Первое слушание дела № IT-99–37-I, «Обвинитель против Слободана Милошевича», заняло всего 12 минут. Оно состоялось утром в первый вторник июля 2001 года. Я надела свою черную прокурорскую мантию и вошла в зал суда. На галереях было полно журналистов и обычных наблюдателей. Вспоминаю, что никак не могла избавиться от образа Милошевича, «балканского мясника», каким его представляли СМИ. Но я увидела полного, высокомерного человека, не обладавшего никакой силой. Впрочем, смотрел он на меня очень враждебно. Английский судья Ричард Мэй, председательствовавший в палате, открыл слушания, сообщив, что Милошевич отказался от защиты. Судья сказал, что процесс будет долгим и сложным, и посоветовал обвиняемому все же пригласить адвоката. Милошевич произнес свою знаменитую фразу: «Я считаю этот трибунал незаконным, а обвинение — ложным. Трибунал не может считаться законным, поскольку его создание не было одобрено Генеральной ассамблеей ООН. Мне не нужен адвокат, чтобы защищаться перед незаконным судом».

Когда судья Мэй спросил Милошевича, хочет ли он, чтобы обвинительное заключение было зачитано в зале суда вслух, Милошевич ответил, что это не его проблема. Я настаивала на том, чтобы заключение было зачитано, но этого не сделали. Наступил исторический

момент: впервые глава государства предстал перед международным трибуналом. Зачитывание обвинительного заключения, учитывая то, что заседание напрямую транслировалось по сербскому телевидению, дало бы людям полное представление об обвинениях в адрес человека, который некогда возглавлял их страну. Это стало бы данью уважения всем тем, кто погиб или пострадал во время этнических чисток в Косово в 1999 году. Жертвы военных кампаний в Хорватии и Боснии узнали бы об обвинениях, которые юристы прокурорской службы выдвинули против этого человека.

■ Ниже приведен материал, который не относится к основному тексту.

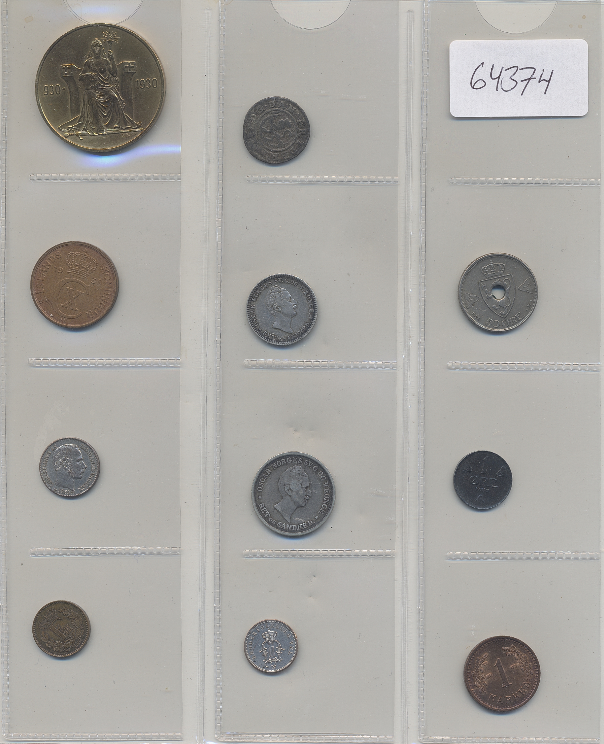 Coins, Nordic countries. Small group of eleven Nordic coins. 1-01/0.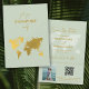 En grönt- och guld-destinationspass för bröllopspass med världskarta över guld, flygplan och resande inslag. Den här designen är perfekt för alla målbröllop mellan Vår, Sommar, Fall och Winter. En grönt för elegant och guld bröllop med passutformning, världskarta och foto för anpassningsbar par. Ett modernt målbröllop sparar datumdesignen med elegant inslag. Det finns också möjlighet att matcha bröllopsinbjudningar och andra artiklar i kontorsartiklar.

Затем судья предложил подсудимому сделать заявление о своей виновности или невиновности. Милошевич ответил: «Цель этого суда — незаконно оправдать военные преступления, совершенные силами НАТО в Югославии… Вот почему это ложный, незаконный трибунал…» Судья Мэй объявил, что подсудимый себя виновным не признает, и завершил заседание.

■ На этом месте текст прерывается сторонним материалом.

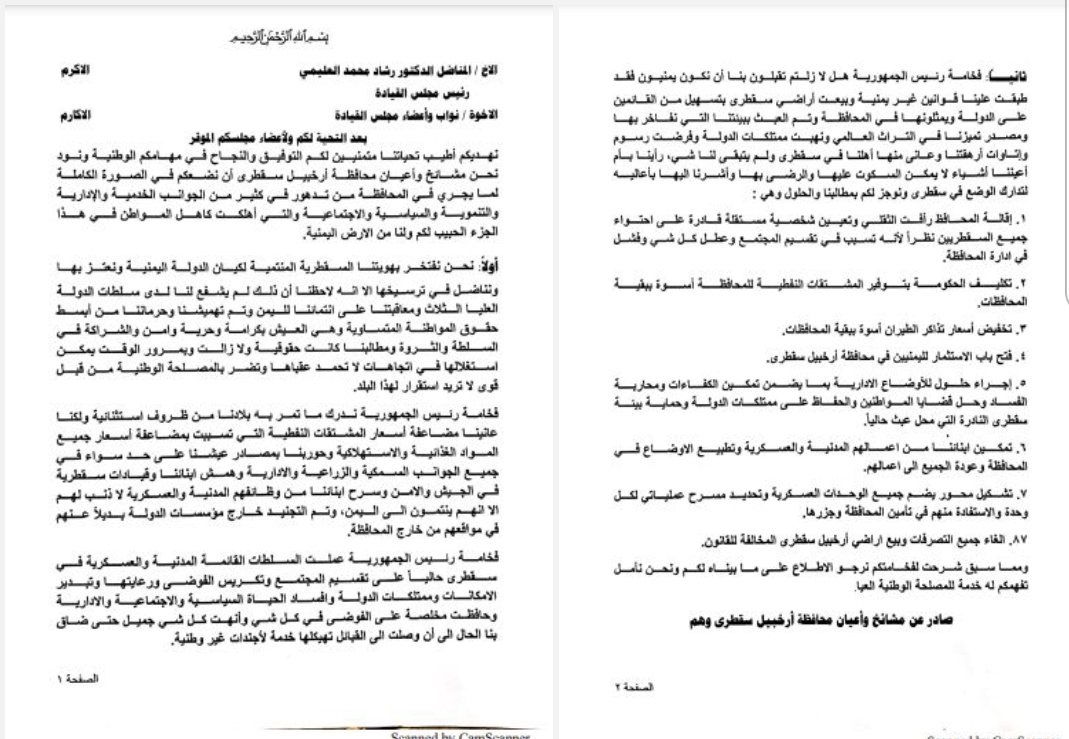كما طالبوا بإجراء إصلاحات إدارية تضمن تمكين الكفاءات ومحاربة الفساد، وحل قضايا المواطنين، والحفاظ على ممتلكات الدولة، وحماية بيئة سقطرى الفريدة التي تتعرض للعبث حاليًا، مع التأكيد على ضرورة تمكين السقطريين من العودة إلى وظائفهم المدنية والعسكرية وتطبيع الأوضاع في المحافظة.

Перед слушаниями я попросила секретаря трибунала, Ханса Хольтхейса, дать мне возможность в течение нескольких минут побеседовать с Милошевичем наедине. Я считала, что должна встретиться со всеми обвиняемыми. По правилам процедуры прокурор имеет право обратиться к обвиняемым с просьбой сотрудничать со следствием. Разговор мог происходить в присутствии адвоката. По соображениям безопасности разговор с Милошевичем состоялся в зале суда после того, как судьи и остальные участники заседания разошлись. В центре зала установили нечто вроде карточного столика. Я села за стол и стала ждать. Трое охранников привели Милошевича. Он смотрел в сторону, чтобы не встречаться со мной глазами. Я сообщила, что являюсь главным прокурором трибунала, объяснила правила процедуры и сказала о том, что имею право провести допрос. «Я готова провести допрос немедленно, — сказала я, — потому что вам есть, что сказать».

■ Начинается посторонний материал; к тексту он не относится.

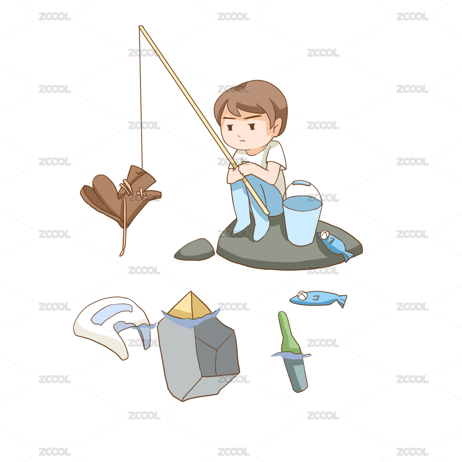 卡通爱好钓鱼的男孩

Милошевич посмотрел мне в глаза. Он пытался произвести на меня впечатление, перехватить инициативу в разговоре. Он все еще считал себя президентом, главой государства, главнокомандующим, capo dei capi. [18] Ему казалось, что он согласился принять меня только потому, что не мог этого избежать. На чистом английском он ответил: «Я прекрасно знаю процедуру и могу отказаться отвечать на ваши вопросы». Я выпрямилась и не стала отвечать. Милошевич отвернулся и заговорил по-сербски. Он снова повторил свои обвинения в адрес трибунала и прокурорской службы. Милошевич сильно возбудился, его голос звенел от ярости. Он казался полным сил и энергии. Но все же он больше не был тем человеком, обаяние, спокойствие и уверенность которого долгое время обманывали дипломатов и политических лидеров. Более всего он напоминал мне избалованного ребенка, чьи капризы уже начинают раздражать…

18

Босс всех боссов» (итал.).

Я использовала свое право просить обвиняемого сотрудничать со следствием. Он использовал свое право отказать мне. Мне более не было нужды выслушивать его риторику. «Уведите его», — сказала я охранникам. Они приказали Милошевичу встать и вывели его из зала. Мы не пожали друг другу руки. Более никогда мы не встречались наедине.

Глава 5

Борьба с бюрократией трибунала: 2000–2002 годы

Всю сложность своего положения я начала понимать лишь тогда, когда трибунал начал действовать по-настоящему. ООН и государства, финансировавшие деятельность международных трибуналов, явно дали понять, что не собираются делать это бесконечно. Прокурорской службе не удалось достичь своих целей достаточно быстро. Несмотря на успехи моих предшественников Ричарда Голдстоуна и Луизы Арбур по созданию офисов в Гааге и Аруше многие службы работали годами и тратили значительные средства, не выдвигая обоснованных обвинений и даже не заявляя о том, что выдвинуть их не представляется возможным. Чтобы исправить положение, требовались жесткие меры. По ряду причин сотрудники трибуналов, проработавшие здесь гораздо дольше, чем я, компетентные и трудолюбивые или не очень компетентные и совсем нетрудолюбивые, искали себе новую работу или жаловались в штаб-квартиру ООН в Нью-Йорке. Первая кадровая проблема, с которой я столкнулась в Аруше, была связана с ложью, прозвучавшей во время первого слушания в трибунале по Руанде. Впрочем, оперативные проблемы в трибунале по Югославии представляли собой более серьезную проблему.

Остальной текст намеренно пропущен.